A new optical method that can image subsurface structures under skin has been demonstrated by scientists at the National Institute of Standards and Technology (NIST) and the Johns Hopkins University Applied Physics Laboratory.
The method relies on differences in the way surface and subsurface features of various materials scatter light. It was demonstrated with small pieces of pigskin and inorganic materials but might eventually prove useful for imaging living tissues to help diagnose or determine the extent of various types of skin cancers.
The imaging process involves illuminating a sample with polarised light, which has its electric field oriented in a particular direction, and using a digital camera with a rotating polarisation filter to image the light scattered from the sample.
Researchers manipulated the polarisation to minimise light scattered from the rough skin surface, and positioned the light source in multiple locations to separate out, and delete, light scattered more than one time from deeper sample layers. By using certain polarisation settings and combining two images made with the light source in different positions, they generated a processed image that reveals significant subsurface structure.
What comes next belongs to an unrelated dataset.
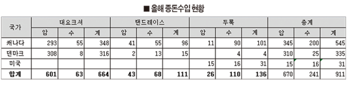 올해 수입된 종돈을 원산지별로 살펴보면 캐나다산이 545두로 가장 많았고, 덴마크산 335, 미국산 31두의 순이었다.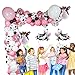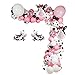 Package includes: 15pcs12inch cow pattern balloons; 15 pcs 10inch white balloons,35pcs 10inch pink balloons; 1 pcs 18inch white balloons,1pcs 18inch pink balloons; 10 pcs 5inch white balloons,10pcs 5inch pink balloons; 10pcs 5inch black balloons,2pcs16inch foil cow head balloons; 2pcs 16inch walking cow helium balloon,5 pcs sequined balloons,1 roll of 16ft arch balloon strip tape, 1 roll of 100 dot glue.

Polarised light imaging already is used in dermatology to identify the edges of lesions. The new method minimises the effects of two types of unwanted light scattering at once, and, if confirmed by other methods, might someday be used in a clinical setting to produce more detailed images of deeper layers of skin.
The method was developed under a Co-operative Research and Development Agreement between the two institutions. The project adapted light scattering techniques originally developed by NIST researchers to image surface and subsurface features in inorganic materials such as silicon wafers, mirrors and paint coatings. Scientists currently are working on making the new method easier and faster to use.